* **EXERCISE AIM**
Reproduce, exactly and in full, the lines from the one with "Ta vrtna sedežna" through the one with "5dílná zahradní jídelní" in the data below; drop pictures.

* **EXERCISE MATERIAL**
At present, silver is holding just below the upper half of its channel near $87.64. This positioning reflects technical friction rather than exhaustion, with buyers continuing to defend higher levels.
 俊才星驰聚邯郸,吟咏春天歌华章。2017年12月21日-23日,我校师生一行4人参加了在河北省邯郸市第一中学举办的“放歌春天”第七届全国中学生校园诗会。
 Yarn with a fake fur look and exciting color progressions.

==

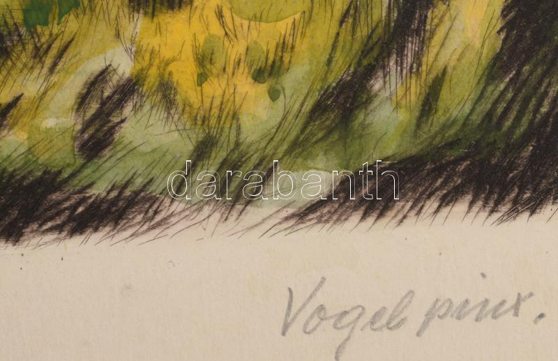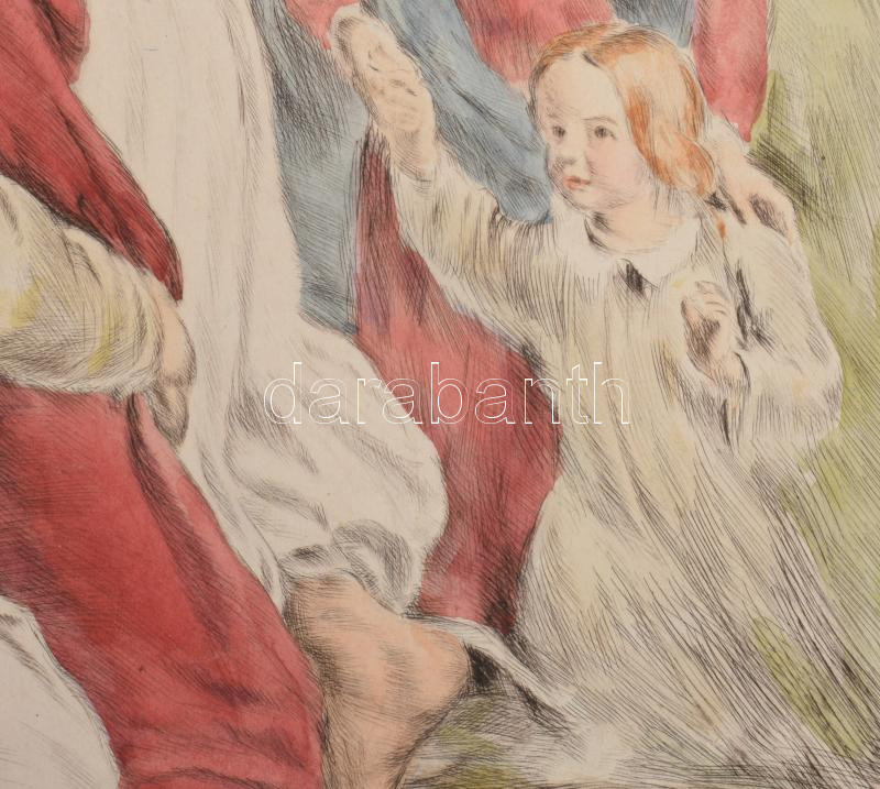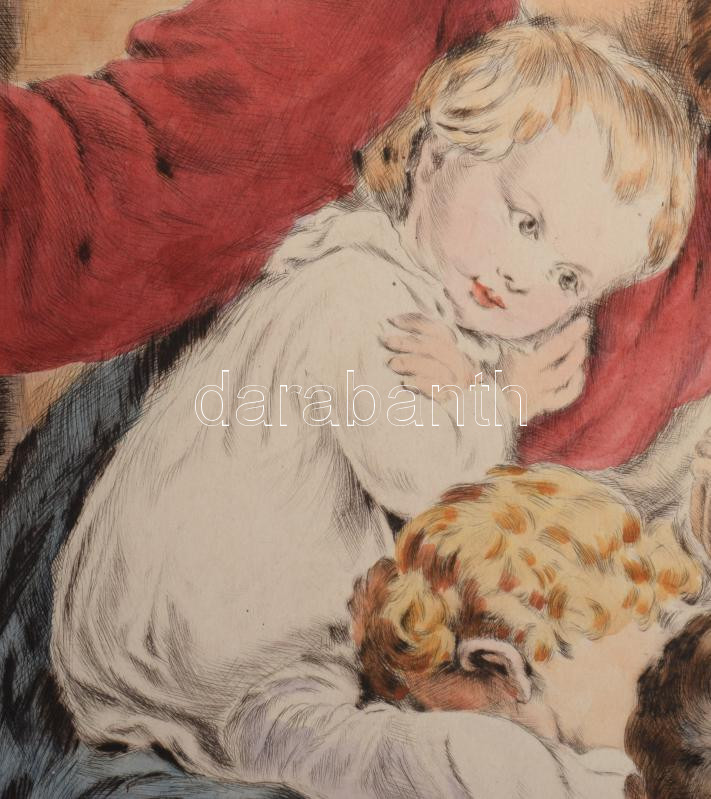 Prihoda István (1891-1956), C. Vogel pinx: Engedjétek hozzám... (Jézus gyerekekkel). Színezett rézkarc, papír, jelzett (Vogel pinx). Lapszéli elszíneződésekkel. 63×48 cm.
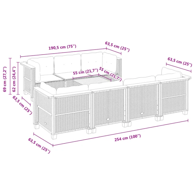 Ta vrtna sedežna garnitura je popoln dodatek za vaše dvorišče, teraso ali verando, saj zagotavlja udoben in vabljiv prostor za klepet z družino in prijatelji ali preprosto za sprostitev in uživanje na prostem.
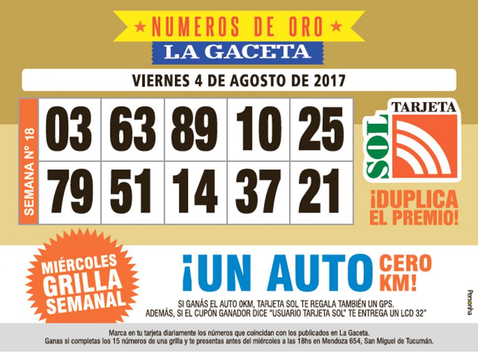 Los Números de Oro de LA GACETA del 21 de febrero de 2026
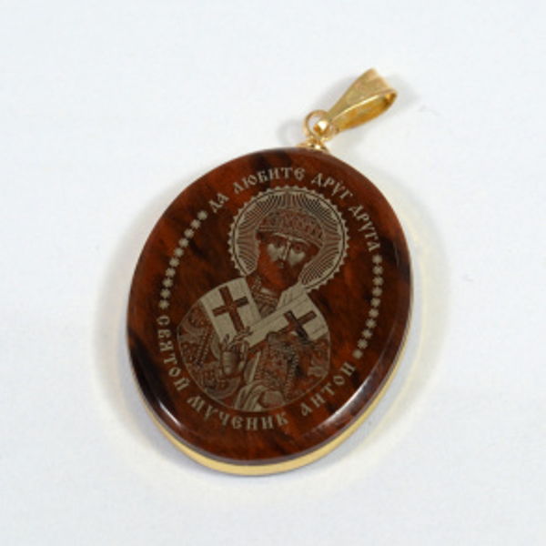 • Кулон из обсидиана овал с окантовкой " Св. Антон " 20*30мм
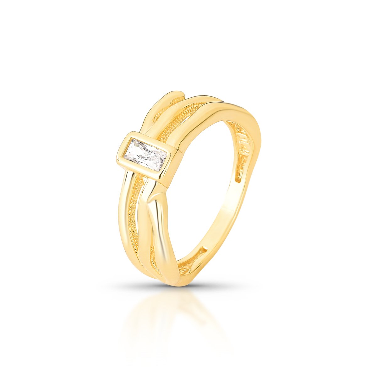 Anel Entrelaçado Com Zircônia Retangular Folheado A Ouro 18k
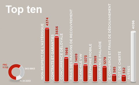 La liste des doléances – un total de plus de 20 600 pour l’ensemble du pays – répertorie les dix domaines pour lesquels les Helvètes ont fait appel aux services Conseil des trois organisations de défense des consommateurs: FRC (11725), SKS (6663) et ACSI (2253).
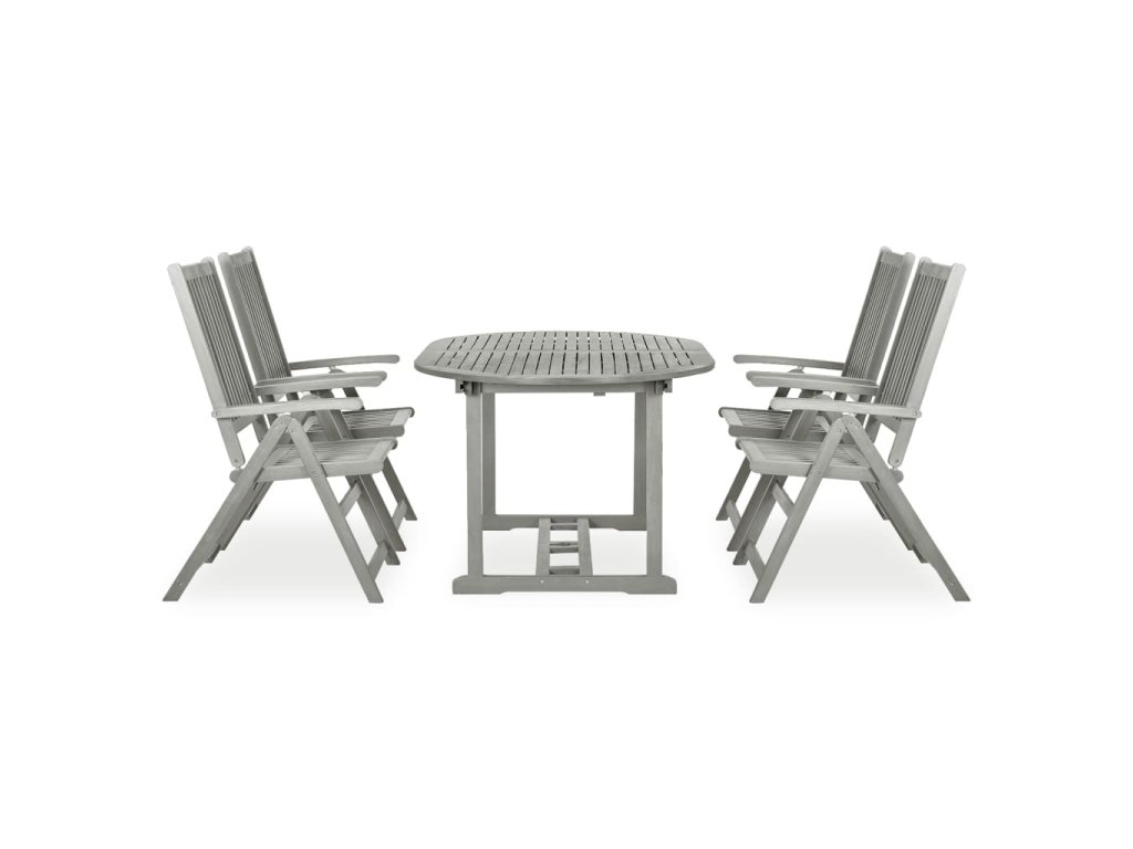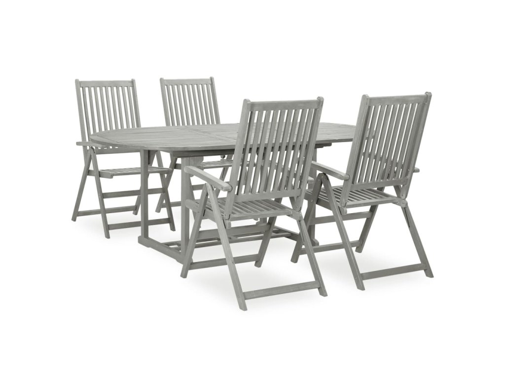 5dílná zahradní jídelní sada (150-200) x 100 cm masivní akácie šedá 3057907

--

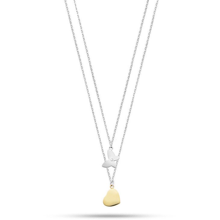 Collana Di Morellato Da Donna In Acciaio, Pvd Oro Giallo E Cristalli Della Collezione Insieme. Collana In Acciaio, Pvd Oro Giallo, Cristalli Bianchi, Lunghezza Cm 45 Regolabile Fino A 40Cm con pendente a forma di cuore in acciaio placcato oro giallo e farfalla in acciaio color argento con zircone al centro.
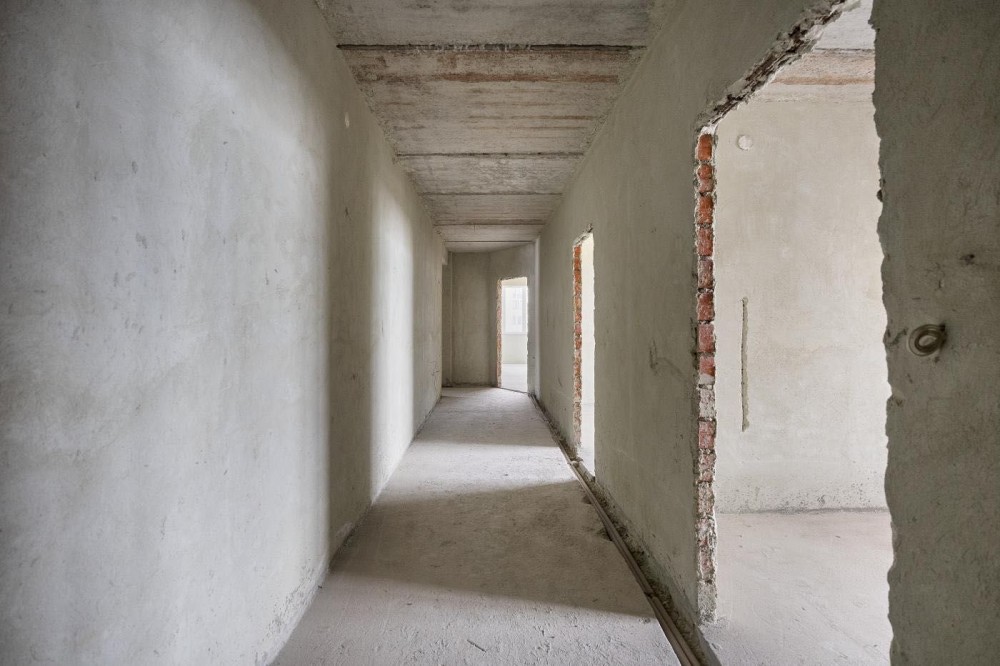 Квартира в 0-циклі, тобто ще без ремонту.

* **TASK OUTPUT**
 Ta vrtna sedežna garnitura je popoln dodatek za vaše dvorišče, teraso ali verando, saj zagotavlja udoben in vabljiv prostor za klepet z družino in prijatelji ali preprosto za sprostitev in uživanje na prostem.
 Los Números de Oro de LA GACETA del 21 de febrero de 2026
 • Кулон из обсидиана овал с окантовкой " Св. Антон " 20*30мм
 Anel Entrelaçado Com Zircônia Retangular Folheado A Ouro 18k
 La liste des doléances – un total de plus de 20 600 pour l’ensemble du pays – répertorie les dix domaines pour lesquels les Helvètes ont fait appel aux services Conseil des trois organisations de défense des consommateurs: FRC (11725), SKS (6663) et ACSI (2253).
 5dílná zahradní jídelní sada (150-200) x 100 cm masivní akácie šedá 3057907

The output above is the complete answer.